I don’t know if hand sanitizer actually works but it sure as hell lets you know where the broken skin is hiding
When Ted Cruz kisses a baby, its parents have to throw it out and start over.
Don’t take financial advice from me. I used to stand in line to buy Beannie Babies
“Joe Biden and I are so close, some places in Indiana refuse to serve us pizza.” – President Obama
Being brave is overrated.
Just run away, screaming, like a normal human being.
“How often do you floss?”
Every day
“How often do you lie?”
Every six months
My 5 year old took a single bite out of 10 mini croissants. His older brother denied he had anything to do with it. Under questioning, we found out his older brother simply said, “Wouldn’t it be funny if you took a bite out of all these?”
No, I don’t want to say where I got these scratches. On an unrelated note, if you wondered how many squirrels fit in a pillowcase, it’s 9.

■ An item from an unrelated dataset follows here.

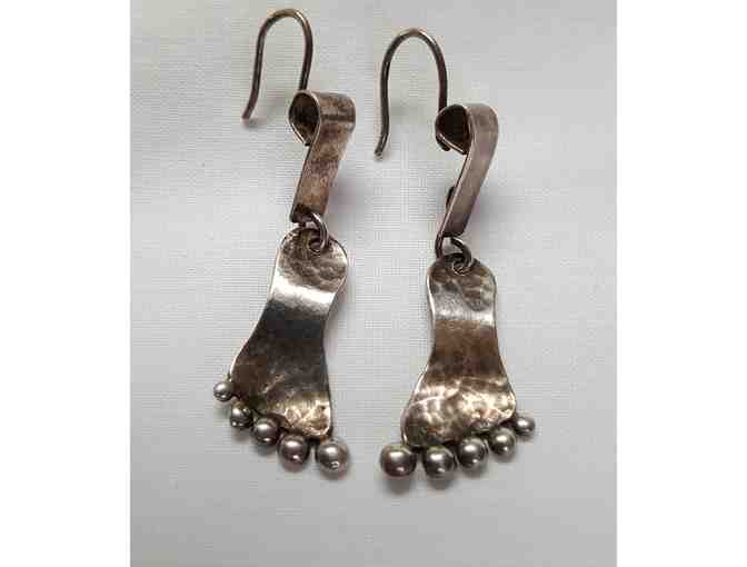 Vintage hooked earrings are handmade of Mexican sterling silver, and stamped Sterling. Measure 1 1/4" from heel to tip of big toe. 5/8" at widest point which is little toe to big toe. Dangle is 1 3/4".

I love when murder documentaries let me know that the scene they’re showing is a ‘dramatic reenactment’, like I thought a professional camera crew filmed John Wayne Gacy eating breakfast with his wife the morning after he buried a corpse under his floorboards.
Dr. Oz says rubbing coffee grounds on your naked body prevents cellulite. But apparently you can’t do it in Starbucks & now the cops are here.
coworker: what do u think happens after we die
me: when I die, nothing
coworker: what about when I die
me: I get arrested
[on date]
HER: I cant see u anymore
ME (hiding under table): lol I know
H: no I mean I cant see u anymore
M (still under table): lol I know
Me: can I get a breakfast burrito
Waiter: no breakfast after 11
Me: can I get a regular burrito with eggs
Waiter: no eggs after 11
Me: can I get a regular burrito with chicken
Waiter: sur—
Me: —pre born
I gave all the neighborhood kids at the summer block party a whistle and was immediately asked to leave. That was easy.
Abs are for people who can’t afford good food.